Here's Why There Could be Plenty of Upside Left in FIVN
There has been increasing optimism among analysts lately about the company's earnings prospects, as indicated by strong agreement among them in revising EPS estimates higher. And that could be a legitimate reason to expect an upside in the stock. After all, empirical research shows a strong correlation between trends in earnings estimate revisions and near-term stock price movements.
For the current year, two estimates have moved higher over the last 30 days compared to no negative revision. As a result, the Zacks Consensus Estimate has increased 205.9%.

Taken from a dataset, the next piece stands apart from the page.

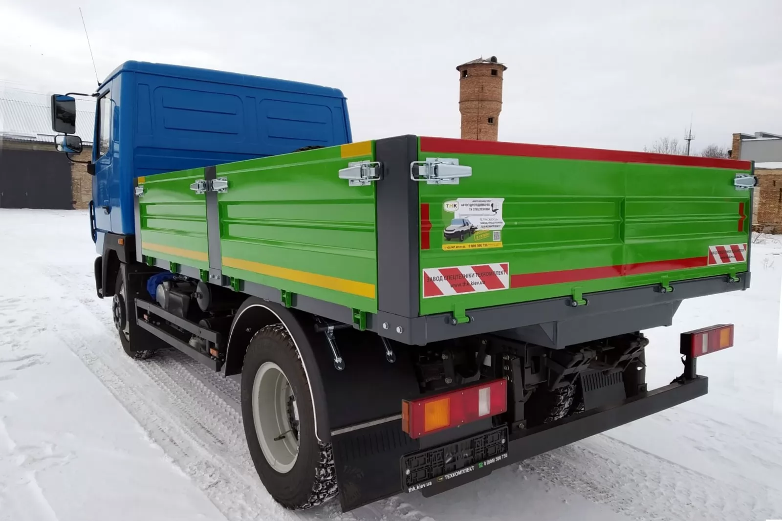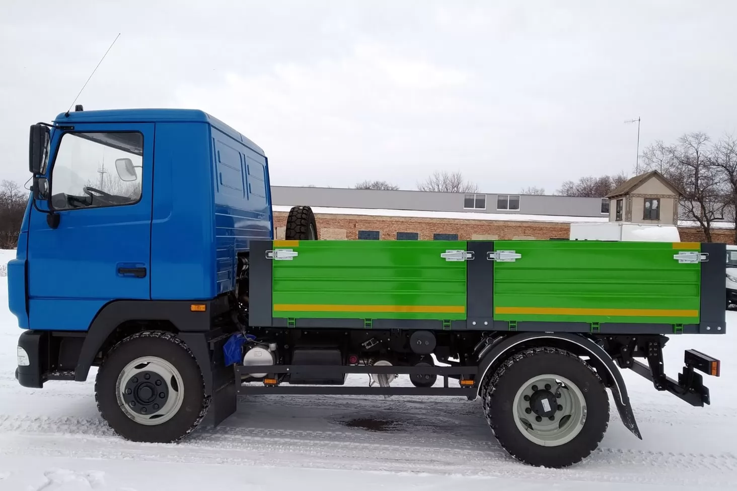 Задние и боковые стойки легкосъемные. Благодаря этому удобнее загружать на автомобиль МАЗ-4371 погрузчиком габаритные грузы.

Moreover, FIVN currently has a Zacks Rank #1 (Strong Buy), which means it is in the top 5% of more than the 4,000 stocks that we rank based on four factors related to earnings estimates. Given an impressive externally-audited track record, this is a more conclusive indication of the stock's potential upside in the near term. You can see the complete list of today's Zacks Rank #1 (Strong Buy) stocks here
Therefore, while the consensus price target may not be a reliable indicator of how much FIVN could gain, the direction of price movement it implies does appear to be a good guide.